Follow these tips for growing healthy tomatoes with fewer disease problems and a better harvest…
Tomatoes are generally a fairly easy-to-grow crop, but growing healthy tomatoes can be trickier if you live in a cool or damp climate. In case you haven’t noticed, tomatoes love hot, dry weather! In cooler temperatures, they grow more slowly and don’t produce as much fruit. And while they do enjoy a lot of water to drink, when their foliage gets wet often, it can make them much more susceptible to blight.
Here in central Ohio, tomatoes tend to grow very well in our warm summers, but ours usually do have quite a bit of blight due to all the rain we’ve had the past few summers. (Usually this doesn’t impact our crop too badly, as it doesn’t get bad until later in the season when we’ve just about had enough of tomatoes anyway. However, some years are worse than others.)

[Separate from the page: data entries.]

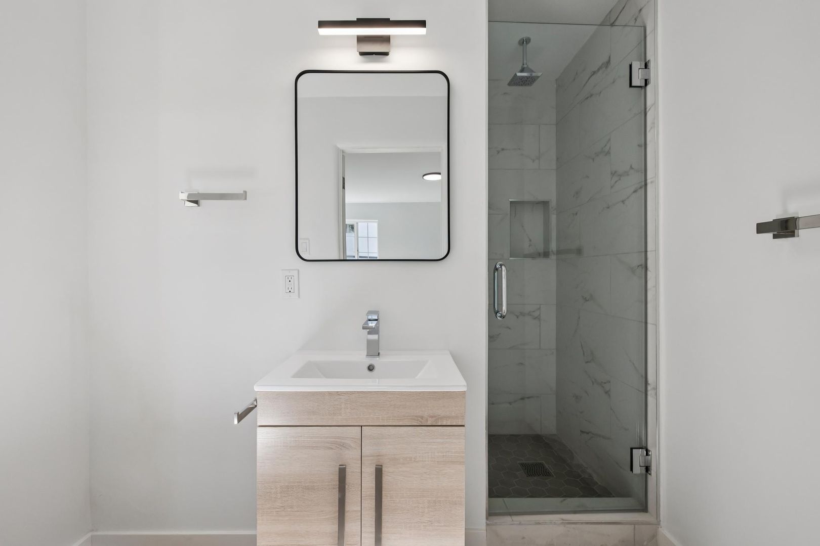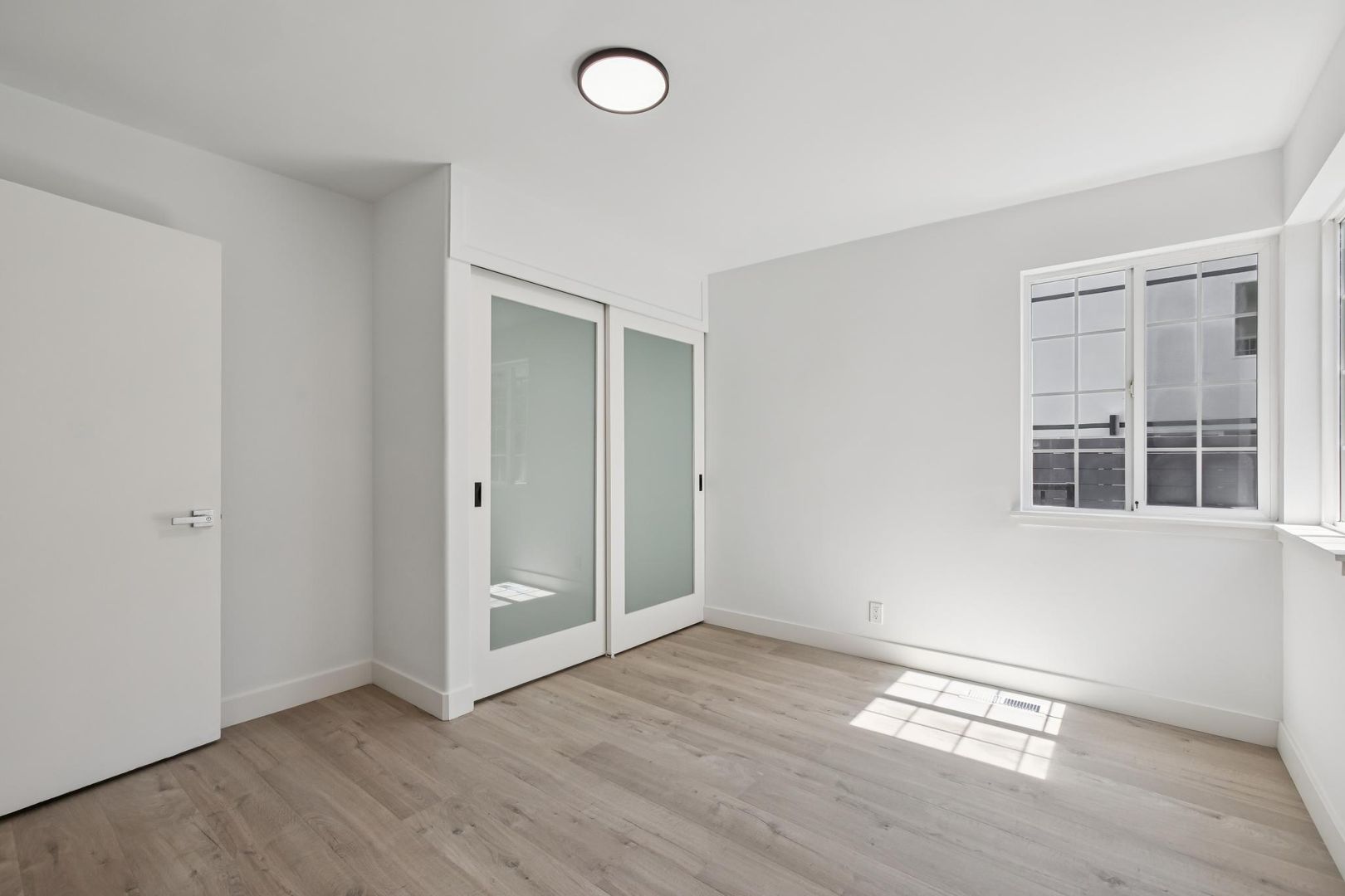 The interior offers an open, light-filled plan anchored by wide-plank hard flooring throughout the main living areas. The chef-forward kitchen features white quartz countertops, shaker-style cabinetry with matte-black hardware, a deep undermount sink with a contemporary pull-down faucet, and stainless-steel appliances including a professional-style gas range and over-the-range microwave. Flush mount LED lighting washes the rooms in illumination. Both bathrooms are beautifully tiled with quality fixtures and thoughtful finishes. Large windows and French-style doors bring abundant natural light and connect the living spaces to a private outdoor patio that is ideal for al fresco dining and quiet relaxation. Practical conveniences include in-unit washer/dryer, whole-unit air conditioning for consistent comfort, and rear on-site parking.
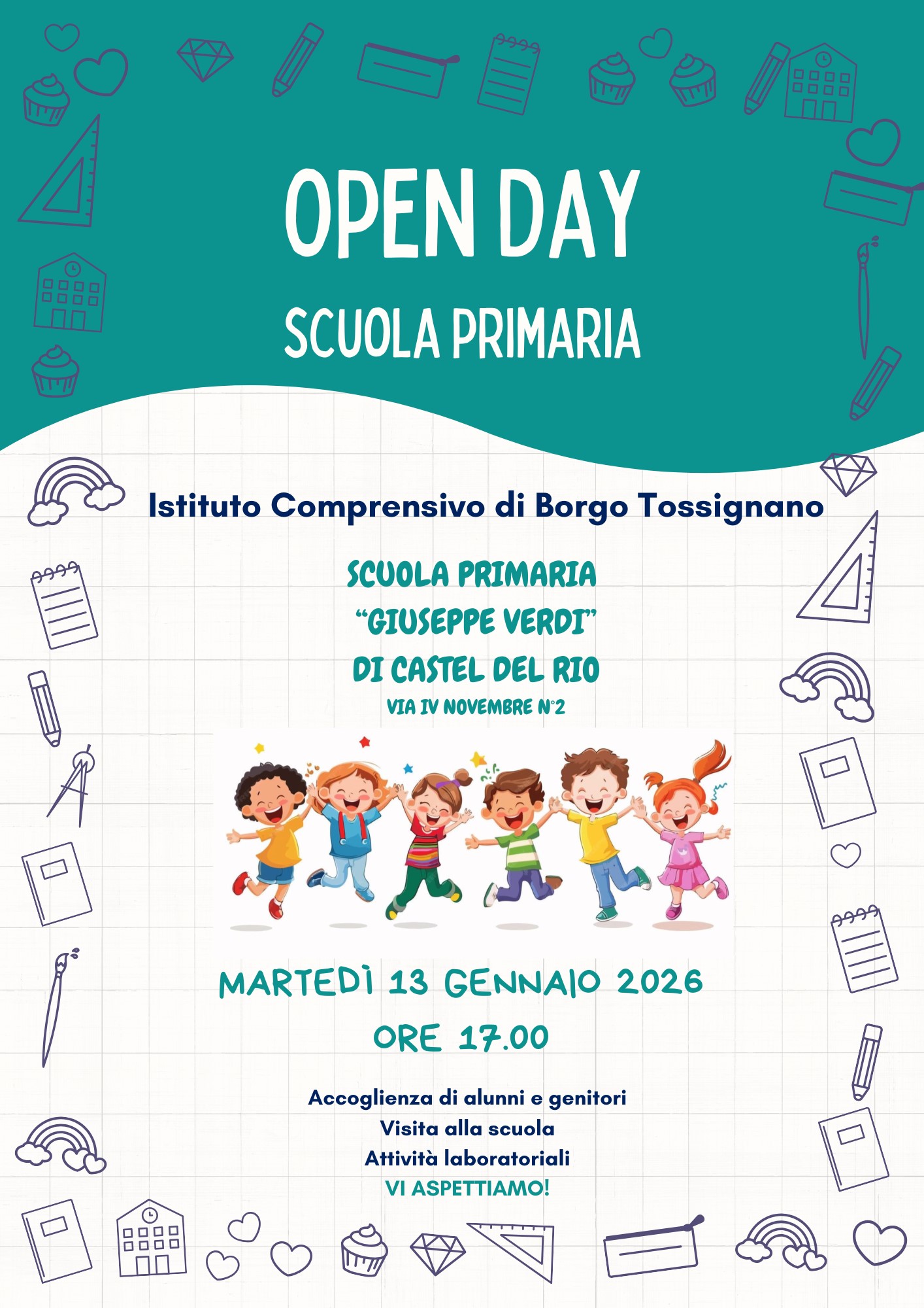 L’Istituto Comprensivo di Borgo Tossignano è lieto di invitarvi agli Open Day organizzati presso i plessi della Vallata del Santerno per la Scuola Primaria.
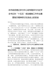 在市政府理论学习中心组专题学习习近平总书记对“十五五”规划编制工作作出重要指示精神研讨交流会上的发言同志们:科学制定和接续实施五年规划,是我们党治国理政的一条重要经验,也是中国特色社会主义的一个重要政治优势。习近平总书记近日对“十五五”规划编制工作作出重要指示,强调要坚持科学决策、民主决策、依法决策,把顶层设计和问计于民统一起来,高质量完成规划编制工作这一重要指示,为我们做好“十五五”规划编制工作提供了根本遵循。我们要认真学习领会,切实把思想和行动统一到习近平总书记重要指示精神上来,以高度的政治责任感和使命感,高质量完成“十五五”规划编制任务,为推进中国式现代化XX实践奠定坚实基础。下面,围绕中心组研讨交流主题,我谈几点体会,以供同志们参考。一、提高站位,深刻领会习近平总书记重要指示的精神实...
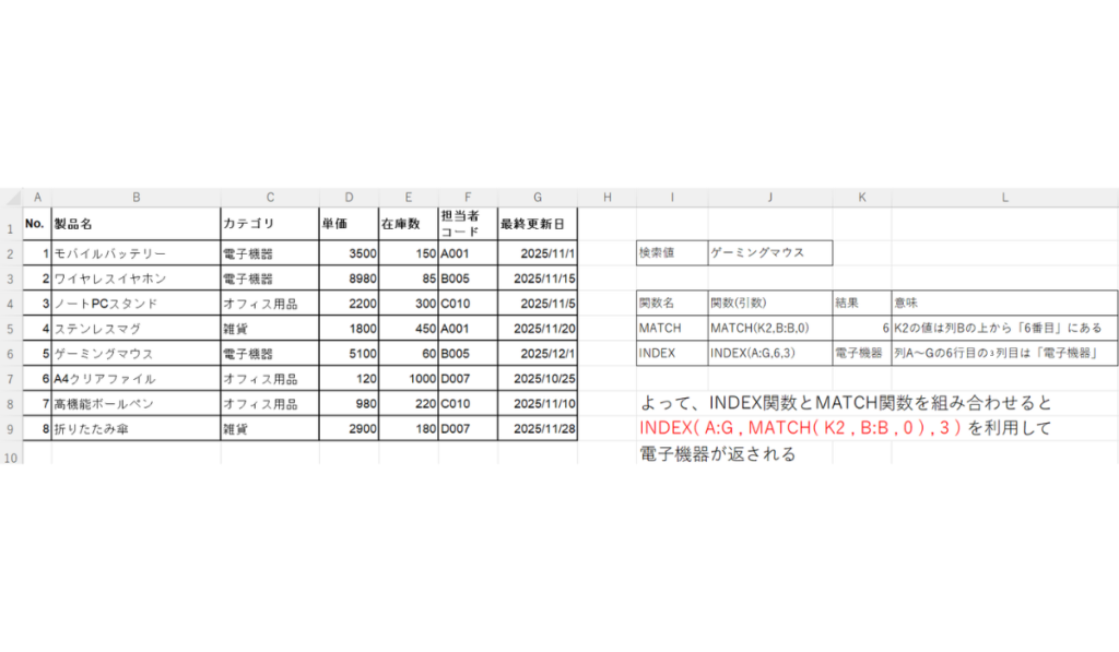 INDEX関数とMATCH関数は、それぞれ単体でも使えますが、組み合わせて使うことでVLOOKUPの弱点をすべて克服できます。
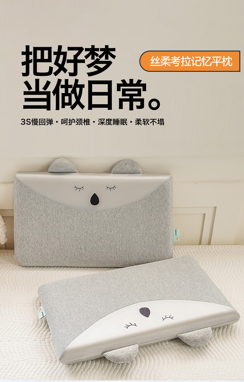 元族2025新款丝柔考拉记忆平枕 枕头枕芯 粉色/只 50cm 30*
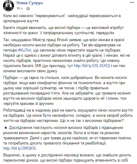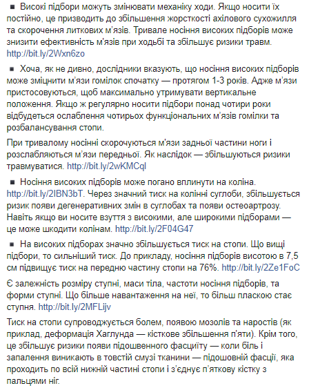 Длительное и постоянное ношение обуви на высоких каблуках может привести к травмам и плохо повлиять на колени. Об этом на своей странице в Facebook написала и.о. главы Минздрава Ульяна Супрун.
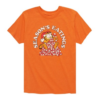 Garfield - Seasons Eatings Christmas - Men's Short Sleeve Graphic T-Shirt - Bring the humor and laziness of the famous orange cat to your wardrobe with Garfield graphic apparel. Featuring Garfield, Odie, and Jon, these designs celebrate the iconic comic strip and its beloved characters.
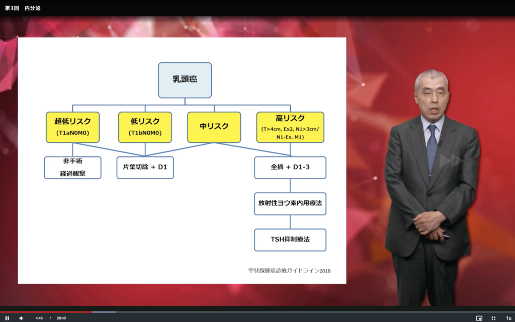 低リスクに対しては、機能温存。片葉切除高リスクに対しては、全摘、リンパ節郭清、放射性沃素内服、TSH抑制療法も
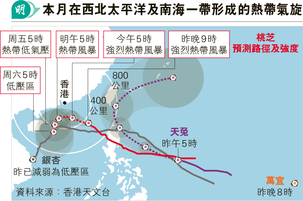 【明報專訊】繼上周影響本港的熱帶氣旋「銀杏」遠離及減弱成低壓區,天文台前日因應「桃芝」接近,發出1號戒備信號。天文台昨晚表示,會考慮在今午改發3號強風信號,並預料桃芝明早最接近香港。與此同時,兩個熱帶氣旋「天兔」及「萬宜」亦正在呂宋以東形成,天文台高級科學主任李淑明向本報稱,在11月同時有4個熱帶氣旋在西北太平洋及南海範圍出現,屬1961年有紀錄以來首次。
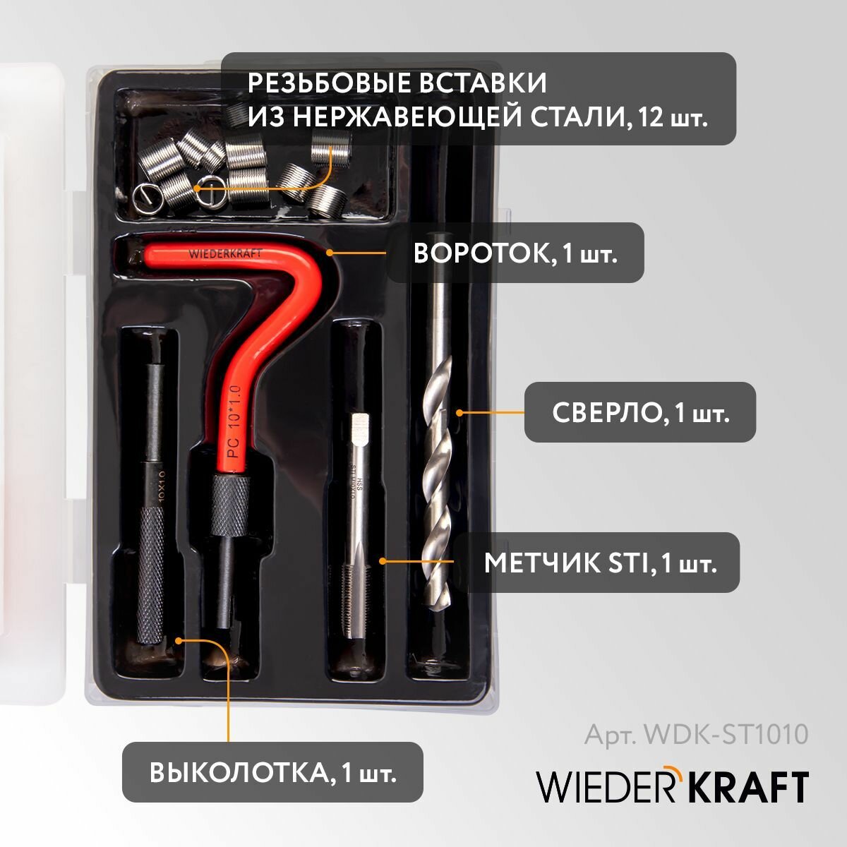 Набор для восстановления резьбы M10x1,25 , 16 предметов WIEDERKRAFT, WDK-ST1012

The best way to grow healthy, disease-free tomatoes is to plan ahead and follow a few simple planting tips. However, even if your tomato plants are already in the ground, you can still take steps to improve their health and ensure a more productive tomato crop this year.
Step 1: Choose the right location
The first thing that you need to know about growing healthy tomatoes is where you’ll be planting them and what the soil is like. If your tomato plants are already in the ground, you’re probably not going to want to move them. But ideally you should plant tomatoes where they will get full sun for at least six to eight or more hours each day.
If you’re dealing with an area that gets a lot of shade and you need to plant tomatoes in a somewhat shaded spot, pick the area on your property that gets the most sun in the afternoon and later in the day, because usually that’s more of an intense sunlight than the sunlight we get first thing in the morning.
As far as soil goes, there are a lot of nutrients in the soil that will help your tomatoes too, not only to be robust and productive, but also to cut back on the diseases they’re susceptible to.
Your best bet is to get a soil test done so that you know the Ph level and all of the exact macronutrient levels of your soil. That way you’ll know if you need to amend for them or not. Soil tests are pretty inexpensive. A lot of local county extension offices will even perform them for free.
Step 2: Mix in some compost
No matter what your soil is like, you can’t really go wrong adding some compost to your soil. So if you’ve got some good organic compost, work some of that into the soil at the bottom of the hole at planting time.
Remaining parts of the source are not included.